- The Arcfox Beta S3 in Shanghai.

Overview
- Manufacturer: Arcfox (BAIC Group)
- Also called: Beijing EU8
- Production: 2026–present
- Assembly: China: Zhenjiang

Body and chassis
- Class: Executive car (E)
- Body style: 4-door sedan
- Layout: Front-motor, front-wheel drive; Rear-motor, rear-wheel drive; Dual motor 4WD;

Powertrain
- Electric motor: AC induction/asynchronous, permanent magnet motor
- Power output: 218 hp (221 PS; 163 kW) (480S/653S); 435 hp (441 PS; 324 kW) (H);
- Transmission: 1-speed direct-drive reduction
- Battery: Li-ion battery:; 41.7 kWh; 42.3 kWh; 67.3 kWh; 93.6 kWh;
- Electric range: 410–653 km (255–406 miles)

Dimensions
- Wheelbase: 2,876 mm (113 in)
- Length: 4,916 mm (194 in)
- Width: 1,900 mm (75 in)
- Height: 1,480 mm (58 in)
- Curb weight: 1,630–2,005 kg (3,594–4,420 lb)

= Arcfox Beta S3 =

Battery electric executive sedan

The Arcfox Beta S3 (极狐贝塔S3) is a battery electric executive sedan manufactured by BAIC under the Arcfox brand.

== Overview ==
The Beta S3 was introduced in April 2026 at the Beijing Auto Show.

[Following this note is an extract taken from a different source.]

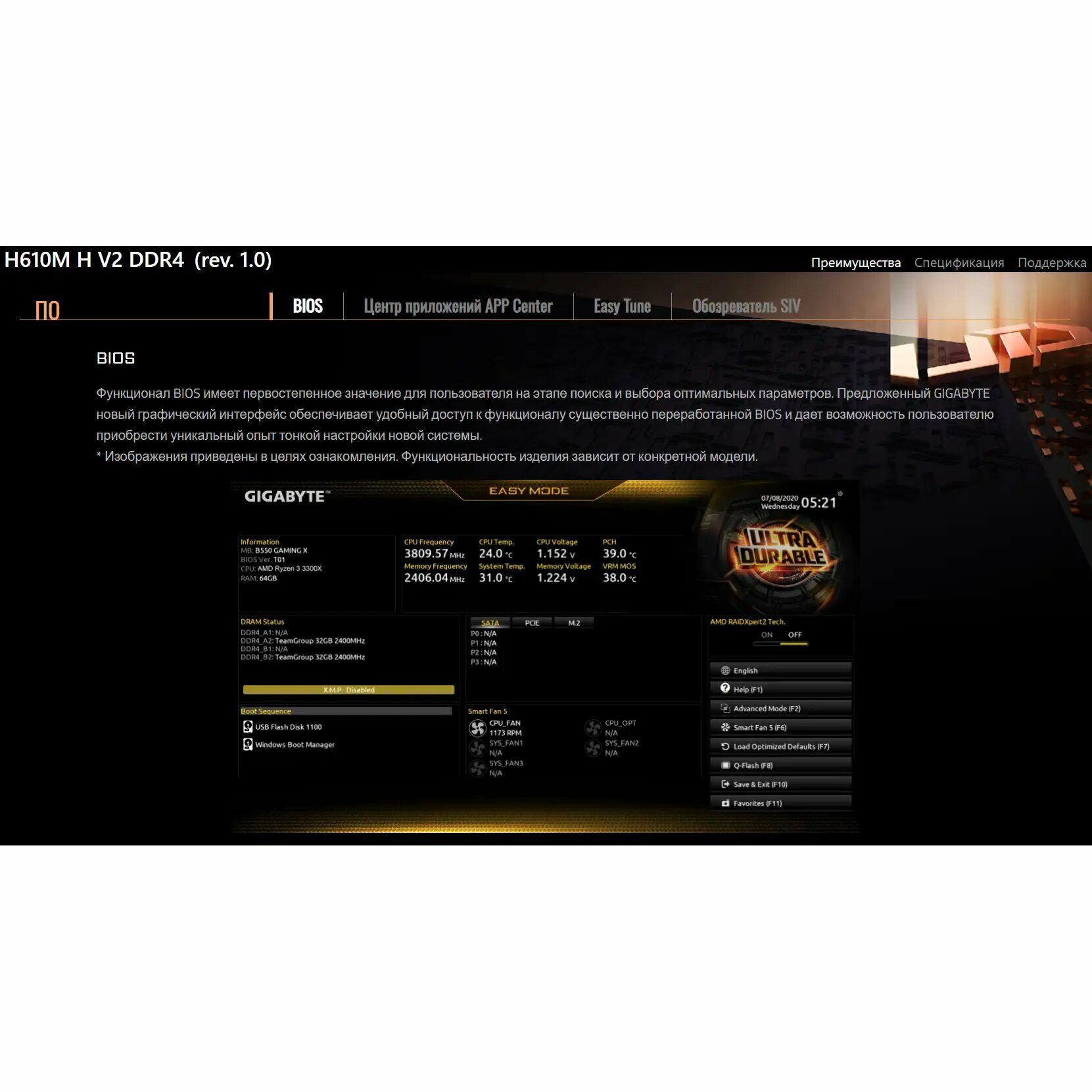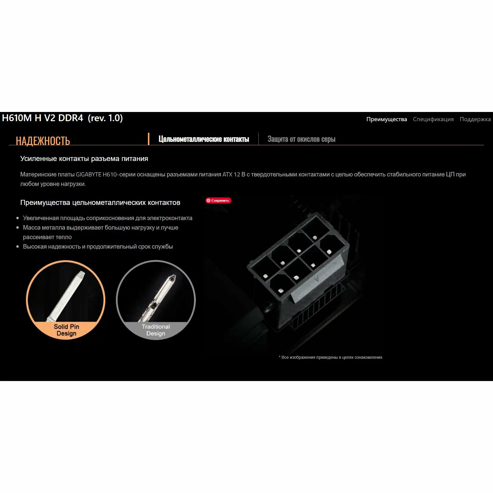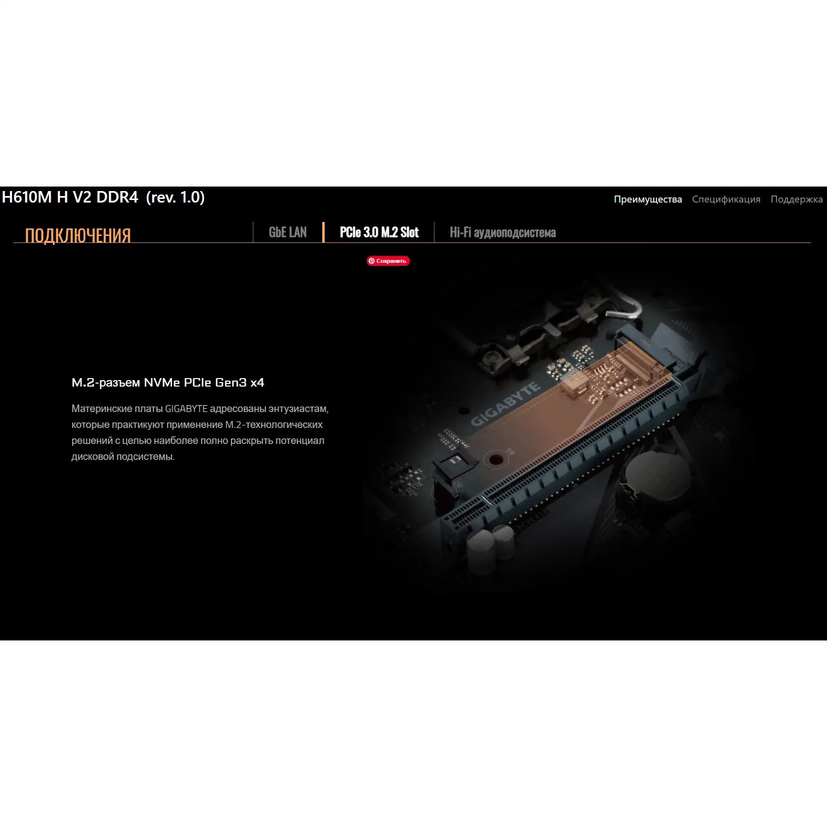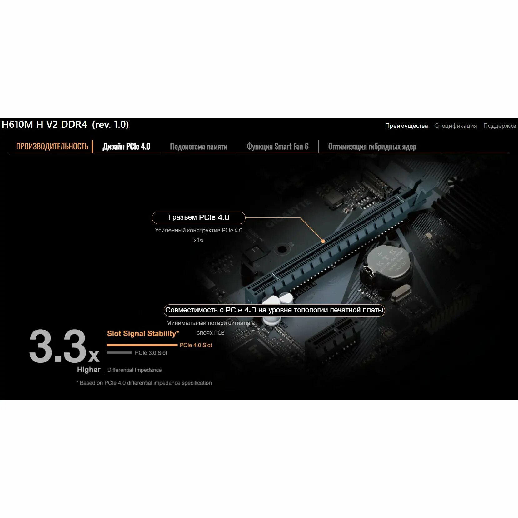 Материнская плата GIGABYTE H610M H V2, LGA1700, 2 x DDR4, HDMI, VGA, PCI-E 3.0 и 4.0, разъём M.2, microATX, Retail интересное:

The Beta S3 is strictly front-wheel drive only and powered by a permanent magnet synchronous motor with a maximum power output of 159 kW (213 hp) and 250 N·m of torque. 0 to 100 km/h acceleration time is 7.1 seconds. There are two versions of the Beta S3 offered. The battery-swapping variant utilizes CATL’s battery swap network, and has a CLTC range of 535 km and supports battery swaps to be done in 99 seconds. The charging model offers a CLTC range of 560 km or 660 km base on battery spec, and fast charging from 30% to 80% takes 28 minutes.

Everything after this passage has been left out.